▸ **EXERCISE GOAL**
Among the lines of the listing below, retype exactly those from the one containing "泰興市斯美特醫療器械有限公司" through the one containing "ich mag sie", both included. Do not include pictures.

#### RAW DATA

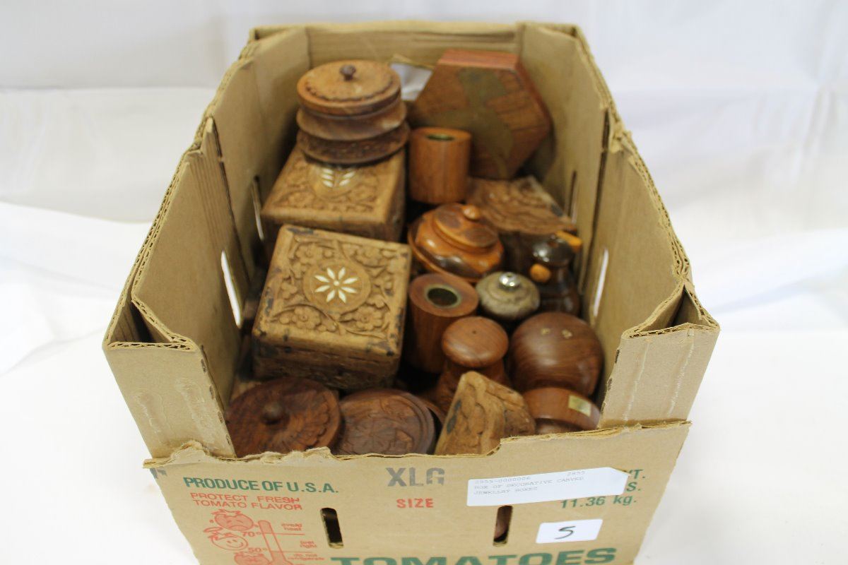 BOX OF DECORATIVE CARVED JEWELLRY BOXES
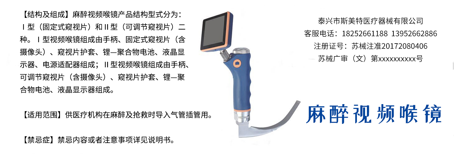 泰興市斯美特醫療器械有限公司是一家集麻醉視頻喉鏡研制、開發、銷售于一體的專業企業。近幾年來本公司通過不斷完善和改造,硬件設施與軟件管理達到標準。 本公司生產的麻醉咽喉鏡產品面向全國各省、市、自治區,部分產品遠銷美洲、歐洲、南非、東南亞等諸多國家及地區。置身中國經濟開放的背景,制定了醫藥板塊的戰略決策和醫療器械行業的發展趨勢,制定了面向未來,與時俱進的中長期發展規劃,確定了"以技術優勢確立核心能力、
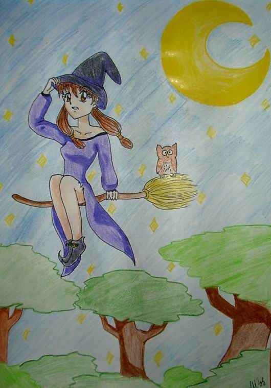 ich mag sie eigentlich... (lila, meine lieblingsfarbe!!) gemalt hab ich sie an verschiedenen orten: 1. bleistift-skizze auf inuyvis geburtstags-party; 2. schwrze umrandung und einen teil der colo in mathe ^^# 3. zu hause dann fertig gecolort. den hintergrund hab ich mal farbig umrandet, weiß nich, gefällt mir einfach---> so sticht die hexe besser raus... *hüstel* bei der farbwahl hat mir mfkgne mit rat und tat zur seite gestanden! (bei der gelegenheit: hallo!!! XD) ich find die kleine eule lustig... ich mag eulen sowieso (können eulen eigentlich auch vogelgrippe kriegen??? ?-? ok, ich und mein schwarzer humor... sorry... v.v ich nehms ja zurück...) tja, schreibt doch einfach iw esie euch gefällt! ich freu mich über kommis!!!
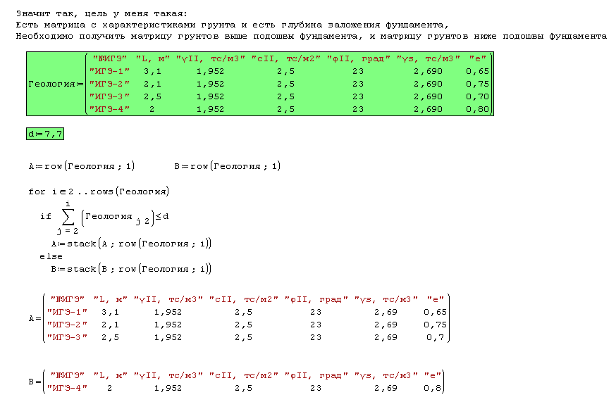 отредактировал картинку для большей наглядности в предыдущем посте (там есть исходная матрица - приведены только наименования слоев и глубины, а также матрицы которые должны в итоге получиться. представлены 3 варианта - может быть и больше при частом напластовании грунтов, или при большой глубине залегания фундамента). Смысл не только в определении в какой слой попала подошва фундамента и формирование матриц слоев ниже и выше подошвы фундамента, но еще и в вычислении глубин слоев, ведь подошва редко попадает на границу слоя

########

▸ **SOLUTION TO THIS TASK**
 泰興市斯美特醫療器械有限公司是一家集麻醉視頻喉鏡研制、開發、銷售于一體的專業企業。近幾年來本公司通過不斷完善和改造,硬件設施與軟件管理達到標準。 本公司生產的麻醉咽喉鏡產品面向全國各省、市、自治區,部分產品遠銷美洲、歐洲、南非、東南亞等諸多國家及地區。置身中國經濟開放的背景,制定了醫藥板塊的戰略決策和醫療器械行業的發展趨勢,制定了面向未來,與時俱進的中長期發展規劃,確定了"以技術優勢確立核心能力、
 ich mag sie eigentlich... (lila, meine lieblingsfarbe!!) gemalt hab ich sie an verschiedenen orten: 1. bleistift-skizze auf inuyvis geburtstags-party; 2. schwrze umrandung und einen teil der colo in mathe ^^# 3. zu hause dann fertig gecolort. den hintergrund hab ich mal farbig umrandet, weiß nich, gefällt mir einfach---> so sticht die hexe besser raus... *hüstel* bei der farbwahl hat mir mfkgne mit rat und tat zur seite gestanden! (bei der gelegenheit: hallo!!! XD) ich find die kleine eule lustig... ich mag eulen sowieso (können eulen eigentlich auch vogelgrippe kriegen??? ?-? ok, ich und mein schwarzer humor... sorry... v.v ich nehms ja zurück...) tja, schreibt doch einfach iw esie euch gefällt! ich freu mich über kommis!!!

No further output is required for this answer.